University of Minnesota, Minneapolis, MN, USA.
Curr Med Res Opin. 2010 Jan;26(1):239-51. doi: 10.1185/03007990903426787.
To review the safety profile of tramadol hydrochloride (tramadol) in the treatment of chronic osteoarthritis pain, with specific reference to the incidence of adverse events (AEs) reported in large clinical trials.
An extensive review of published clinical trials with tramadol was conducted, using literature searches in MEDLINE and EMBASE (since 1997) and the key search terms: tramadol, immediate-release (IR), extended-release (ER), sustained-release (SR), chronic pain, and osteoarthritis. Studies were included based on appropriate study design, appropriately reported safety data, and chronic osteoarthritis as a pain condition. Secondary analyses of previously published pain studies were excluded.
Fifteen studies met the inclusion criteria. The most common AEs reported across all tramadol formulations were nausea, dizziness, constipation, vomiting, somnolence, and headache. Most AEs were mild to moderate in severity and occurred more commonly during initial treatment than during maintenance treatment. Differences in the rates of selected gastrointestinal and central nervous system AEs were seen between long-acting and immediate-release tramadol formulations, both within individual studies and across all studies. AEs appeared to be dose-dependent in fixed-dose studies.
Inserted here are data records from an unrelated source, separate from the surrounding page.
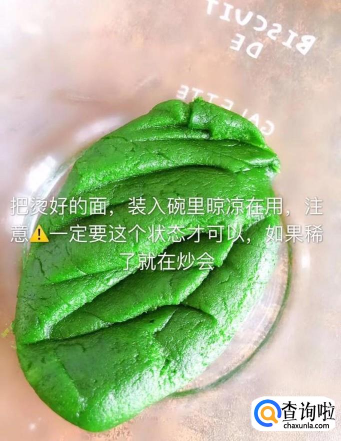 然后把烫好的面装入碗里,放凉备用,如下图所示。小贴士:1.如果面比较稀。小编建议大家再炒一下。2.面必须炒到,如下图的状态。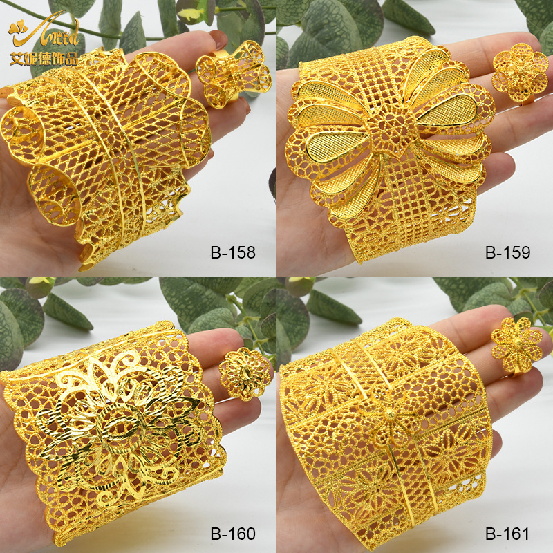 European and American fashion Dubai hot gold jewelry Middle East India bride wedding hollow ring bracelet in stock wholesale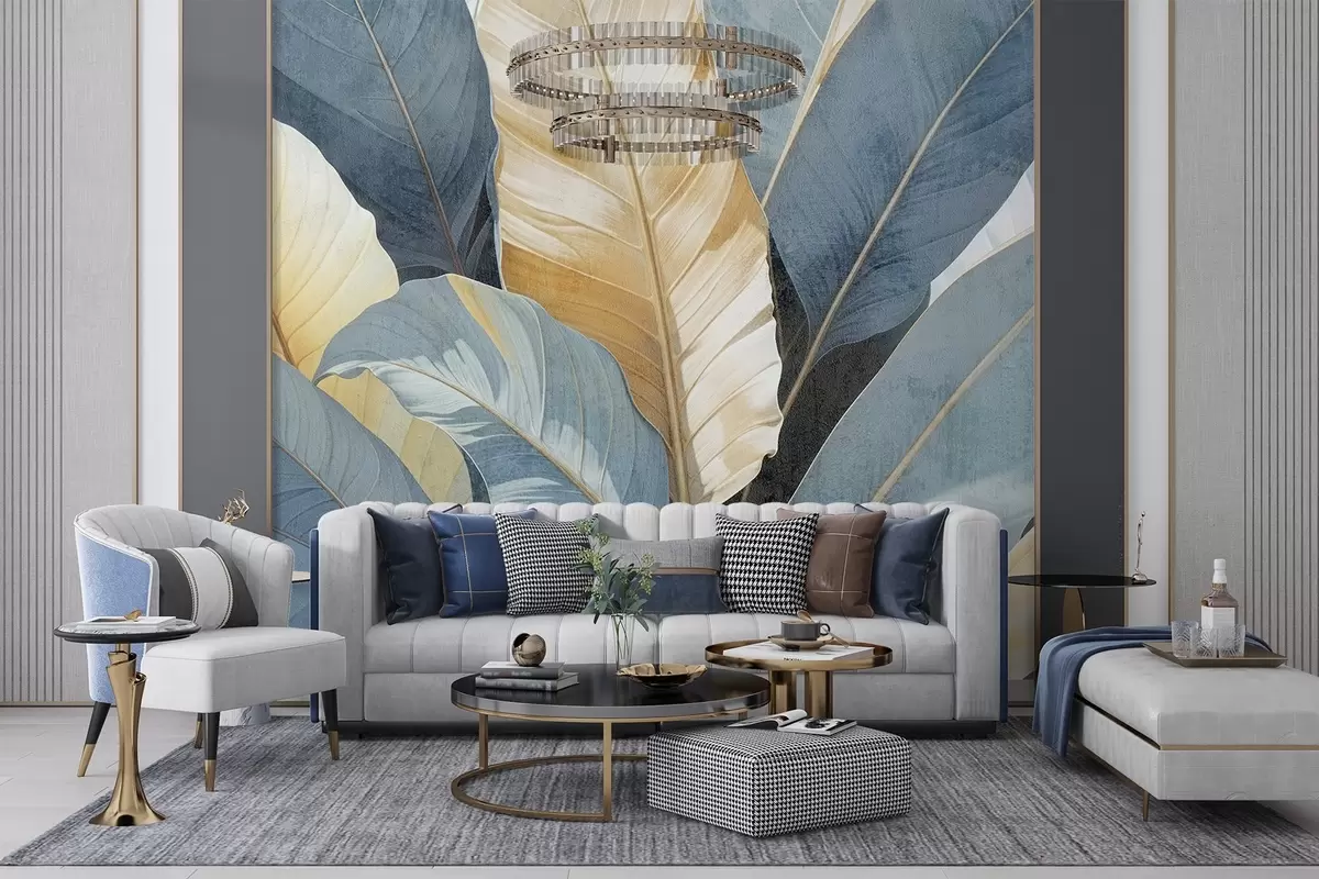 Fototapetes Tuvplāna skats uz lielām, sulīgām, teksturētām dekoratīvām tropu lapām zilos, zaļos un dzeltenos toņos Nr. w08373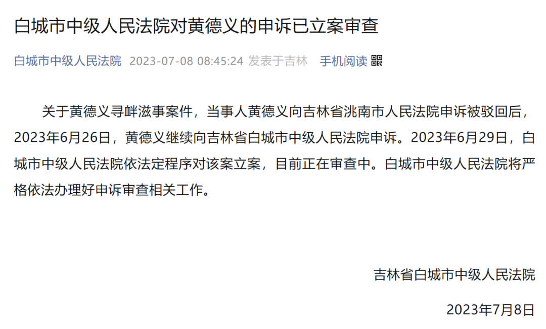 2021年底,黃德義提出申訴。今年3月31日,申訴被洮南市人民法院駁回。

This review provides a robust base for descriptive assessment of AEs associated with long-acting tramadol formulations. Although the actions of different tramadol formulations are biologically similar, differences in pharmacokinetics, drug-release patterns, and availability may influence the incidence of AEs associated with tramadol. Because of the limitations of a qualitative safety analysis across studies with different populations and study designs, any observed differences should be interpreted with caution, but these differences may help educate healthcare providers about tramadol treatment in patients with chronic osteoarthritis pain and help them select the optimal dose for specific patients.
综述盐酸曲马多(曲马多)治疗慢性骨关节炎疼痛的安全性概况,特别参考大型临床试验报告的不良事件(AE)发生率。
使用 MEDLINE 和 EMBASE(自 1997 年起)中的文献检索,对曲马多的已发表临床试验进行了广泛的回顾,并使用了以下关键搜索词:曲马多、速释(IR)、缓释(ER)、控释(SR)、慢性疼痛和骨关节炎。纳入研究的标准为:适当的研究设计、适当报告的安全性数据以及慢性骨关节炎作为疼痛病症。排除了先前发表的疼痛研究的二次分析。
符合纳入标准的研究有 15 项。所有曲马多制剂报告的最常见 AE 为恶心、头晕、便秘、呕吐、嗜睡和头痛。大多数 AE 的严重程度为轻度至中度,在初始治疗期间比维持治疗期间更常见。长效和速释曲马多制剂在个别研究和所有研究中均观察到选定的胃肠道和中枢神经系统 AE 的发生率存在差异。在固定剂量研究中,AE 似乎与剂量有关。
本综述为描述性评估长效曲马多制剂相关 AE 提供了可靠依据。尽管不同曲马多制剂的作用在生物学上相似,但药代动力学、药物释放模式和可利用性的差异可能会影响与曲马多相关的 AE 发生率。由于在具有不同人群和研究设计的研究之间进行的定性安全性分析存在局限性,因此应谨慎解释任何观察到的差异,但这些差异可能有助于教育医疗保健提供者有关慢性骨关节炎疼痛患者的曲马多治疗,并帮助他们为特定患者选择最佳剂量。